Man Bites Dog, Sues Cops

PHOENIX (CN) – A man claims he had every right to bite a police dog on the nose because it bit him first. Erin Sullivan, who was hiding in a dog house, sued Phoenix and Glendale police in a civil rights complaint.




     Sullivan was arrested on March 19, 2010, after fleeing from police on foot, he says in his complaint in Maricopa County Court. He says he eluded Glendale cops “by hopping over fences,” but knew the jig was up when Phoenix police helped out with a helicopter and a police dog.
     “Erin found a hiding spot under a little dog house he pulled over himself,” the complaint states. “He heard officers walk by him. He got out of the dog house and moved about twenty feer when he heard the helicopter and heard instruction to ‘freeze.'”
     Realizing that “he could not escape from the helicopter,” he says, he “stopped, got on his knees and had his hands behind his head.”
     Then, Sullivan said, defendant Officer Bryan Welsh “came around the corner and appeared to be surprised to see Erin.”
     Other officers arrived and drew their guns, he says, and he was “told to move backwards ‘slowly’ from the object he was kneeling in front of. As he began to move backwards on his knees as instructed, Officer Welsh let the dog loose.”

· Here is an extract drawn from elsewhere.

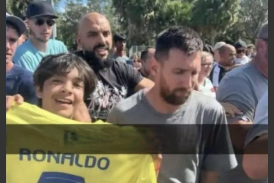 Sin embargo, uno de los presentes tenía otra idea. Un niño quería posar para una fotografía junto a Messi mientras mostraba una camisola con el nombre del eterno rival, el portugués Cristiano Ronaldo.

     Sullivan claims the dog bit him three or four times, injuring him so severely he needed 40 staples to seal the wounds.
     “When the dog went for Erin’s neck area, Erin felt his life was in danger and hit and bit the dog on its nose,” he says.
     That caused Welsh to call the dog off and spray Sullivan in the face with pepper spray, he says.
     He was taken to the Glendale City Jail, where he says he was not immediately provided with medical care for his diabetes and other problems.
     Sullivan says he had a diabetic seizure almost immediately upon being jailed in a cell.
     He seeks punitive damages for negligence, excessive force, and constitutional violations. He sued the Cities of Phoenix and Glendale, Officer Welsh and three other police officers.
     He is represented by Keith Knowlton.